Some Canadian business leaders have expressed worry over Trump’s promise to introduce a universal 10 per cent tariff on all American imports.

A Canadian Chamber of Commerce report released last month suggested those tariffs would shrink the Canadian economy, resulting in around $30 billion per year in economic costs.

More than 77 per cent of Canadian exports go to the U.S.

Canada’s manufacturing sector faces the biggest risk should Trump push forward on imposing broad tariffs, said Canadian Manufacturers and Exporters president and CEO Dennis Darby. He said the sector is the “most trade-exposed” within Canada.

“It’s in the U.S.’s best interest, it’s in our best interest, but most importantly for consumers across North America, that we’re able to trade goods, materials, ingredients, as we have under the trade agreements,” Darby said in an interview.

“It’s a more complex or complicated outcome than it would have been with the Democrats, but we’ve had to deal with this before and we’re going to do our best to deal with it again.”

American economists have also warned Trump’s plan could cause inflation and possibly a recession, which could have ripple effects in Canada.

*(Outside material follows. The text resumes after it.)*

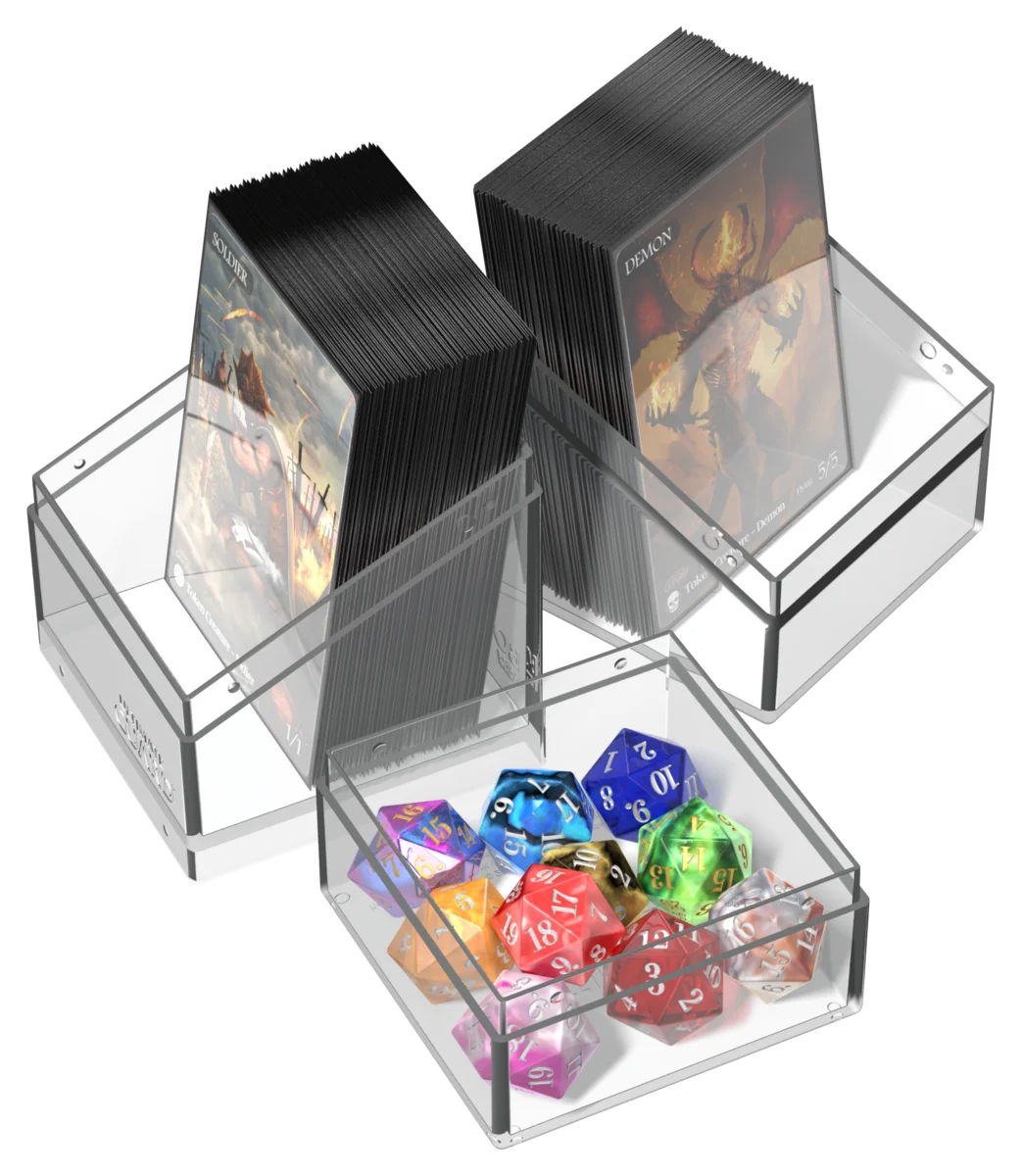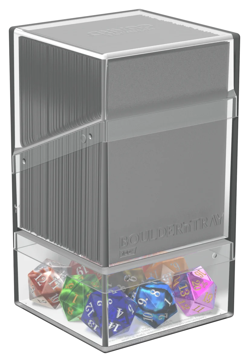A la demande générale, voici le Boulder'n'Tray 100+. Cette deck case combine la robustesse de notre Boulder avec la flexibilité d'un compartiment supplémentaire pour vos dés et autres accessoires - comme c'était le cas pour notre classique Monolith. Notre Boulder'n'Tray 100+ impressionne par sa finition durable et douce au toucher², qui assure une prise en main confortable et une longue durée de vie pendant toutes vos sessions de jeu.

It’s consumers who will ultimately feel the burden of any inflationary effect caused by broad tariffs, said Darby.

“A tariff tends to raise costs, and it ultimately raises prices, so that’s something that we have to be prepared for,” he said.

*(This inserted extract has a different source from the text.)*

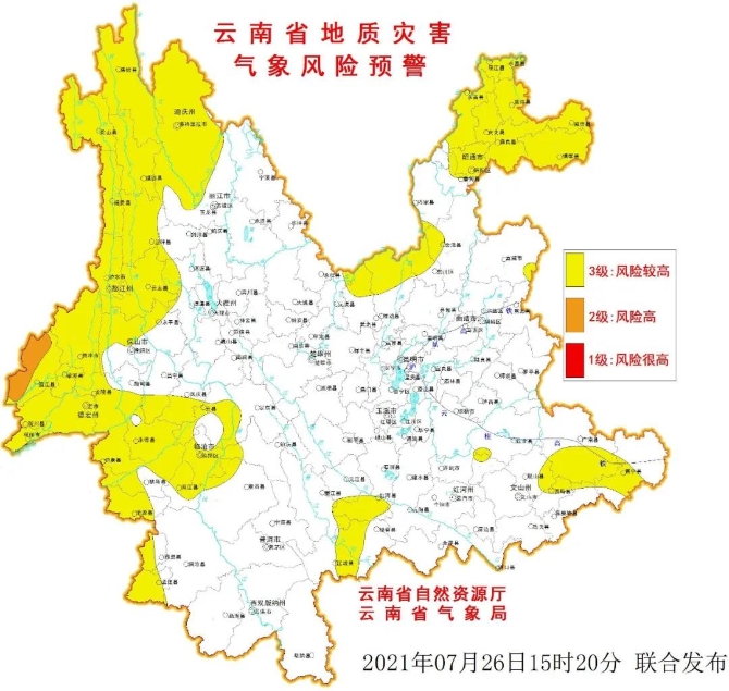 7月26日20:00~27日20:00:滇西德宏州局部发生滑坡泥石流的风险高;滇东北昭通市局部、曲靖市局部、滇西北怒江州局部、迪庆州局部、丽江市局部、大理州局部、滇西德宏州局部、滇西南临沧市、滇南普洱市局部、红河州局部、滇东南文山州局部、滇中楚雄州、昆明市发生滑坡泥石流的风险较高。

“It could tilt production mandates. A tariff makes goods more expensive, but on the same token, it also will make inputs for the U.S. more expensive.”

A report last month by TD economist Marc Ercolao said research shows a full-scale implementation of Trump’s tariff plan could lead to a near-five per cent reduction in Canadian export volumes to the U.S. by early-2027, relative to current baseline forecasts.

Retaliation by Canada would also increase costs for domestic producers, and push import volumes lower in the process.

“Slowing import activity mitigates some of the negative net trade impact on total GDP enough to avoid a technical recession, but still produces a period of extended stagnation through 2025 and 2026,” Ercolao said.

Since the Canada-United States-Mexico Agreement came into effect in 2020, trade between Canada and the U.S. has surged by 46 per cent, according to the Toronto Region Board of Trade.

With that deal is up for review in 2026, Canadian Chamber of Commerce president and CEO Candace Laing said the Canadian government “must collaborate effectively with the Trump administration to preserve and strengthen our bilateral economic partnership.”

“With an impressive $3.6 billion in daily trade, Canada and the United States are each other’s closest international partners. The secure and efficient flow of goods and people across our border … remains essential for the economies of both countries,” she said in a statement.

“By resisting tariffs and trade barriers that will only raise prices and hurt consumers in both countries, Canada and the United States can strengthen resilient cross-border supply chains that enhance our shared economic security.”